Counting subsets with sum not exceeding some limit

Question

I am facing a variation of a subset sum problem. I have to count the number of subsets with sum less than or equal to some integer(limit). I think the optimal solution for this problem would be the following DP relations

#number of ways to get sum using subsets of {1, 2, ..., i}
dp[i][sum] += dp[i - 1][sum]            #not using element i
dp[i][sum + array[i]] += dp[i - 1][sum] #using element i 

Constraints:

1 <= n <= 30
1 <= array[i] <= 1e9
0 <= limit <= 1e9
Time: 1s
Memory: 64 Mb

At first I considered using plain array( or std::array, whatever) but an array dp[30][1e9 + 1] can't be allocated on stack and heap allocation would be too expensive given time limit of 1 second. I came up with the following implementation using std::unordered_map:

std::unordered_map<int, int> dp;

for (int element_idx = 0; element_idx < i_size; ++element_idx) {

  if (arr[element_idx] > limit) {
    continue;
  }
  std::unordered_map<int, int> new_sums;
  new_sums[arr[element_idx]] = 1;
  if (!element_idx) {
    dp = std::move(new_sums);
    continue;
  }
  for (std::pair<int, int> &sum_count : dp) {
    new_sums[sum_count.first] += sum_count.second;
  }

  for (std::pair<int, int> &sum_count : dp) {
    if (sum_count.first + arr[element_idx] <= limit) {
      new_sums[sum_count.first + arr[element_idx]] += sum_count.second;
    }
  }
  dp = std::move(new_sums);
}

The problem it that this implementation runs into a memory limit error. Moreover, my computer just freezes if the input is 30 distinct 6-, 7-digit integers. I am pretty sure there is nothing wrong with my algorithm and the only problem my poor algorithm implementation experience and C++ knowledge.

Answer 1

The problem is actually with your algorithm, not with your C++ code. The time complexity of your solution is \$O(2^n \times \text{polynomial}(n))\$, which is too much for the given constraints.
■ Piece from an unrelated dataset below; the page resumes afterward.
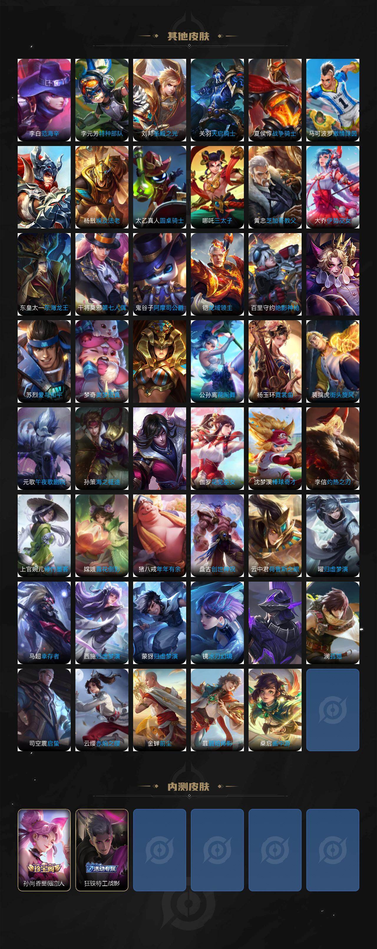 娜可露露晚萤,伽罗箭羽风息,不知火舞魅语,大乔猫狗日记,阿轲节奏热浪,露娜紫霞仙子,诸葛亮黄金分割率,王昭君偶像歌手,项羽苍穹之光,孙尚香时之恋人,阿轲暗夜猫娘,吕布末日机甲,橘右京修罗,刘禅绅士熊喵,刘禅天才门将,白起星夜王子,安琪拉心灵骇客,程咬金功夫厨神,刘邦德古拉伯爵,兰陵王暗隐猎兽者,曹操幽灵船长,宫本武藏鬼剑武藏,亚瑟心灵战警,杨戬天秀·启明,蔡文姬舞动绿茵,廉颇地狱岩魂,西施诗语江南,夏侯惇乘风破浪,花木兰水晶猎龙者,铠曙光守护者,墨子金属风暴,吕布圣诞狂欢,貂蝉圣诞恋歌,百里守约特工魅影,李白千年之狐,貂蝉唤灵魅影,弈星滕王阁序,刘备百相守梦,关羽百相守梦,赵怀真鹤归松栖,白起苍鳞隐世,赵怀真器灵·浮梦炉

You can use the meet-in-the-middle technique to make it \$O(2^{(n/2)} \times \text{polynomial}(n))\$, which is good enough.

The idea is as follows:

1. Let's split the array into two even parts (almost even if n is odd).
2. Let's generate all sums in the first in and in the second part and store them in vectors as and bs. This part requires \$O(2^{(n/2)})\$.
3. Now the problem is simpler: given two vectors A and B, compute the number of pairs of valid indices i and j such that as[i] + bs[j] <= S for a given value of S.

4. Let's sort bs and iterate over as. As bs is increasing, all valid elements of bs for a given element a from as are in some prefix of B. We can find its size as std::upper_bound(bs.begin(), bs.end(), a) - bs.begin()
   That is, this part of this solution looks like:

   for (const auto& a : as) {
       result += std::upper_bound(bs.begin(), bs.end(), a) - bs.begin();
   }
   

The total time complexity is \$O(2^{(n/2)} \times \log(2^{(n/2)}) = O(2^{(n/2)} \times n)\$.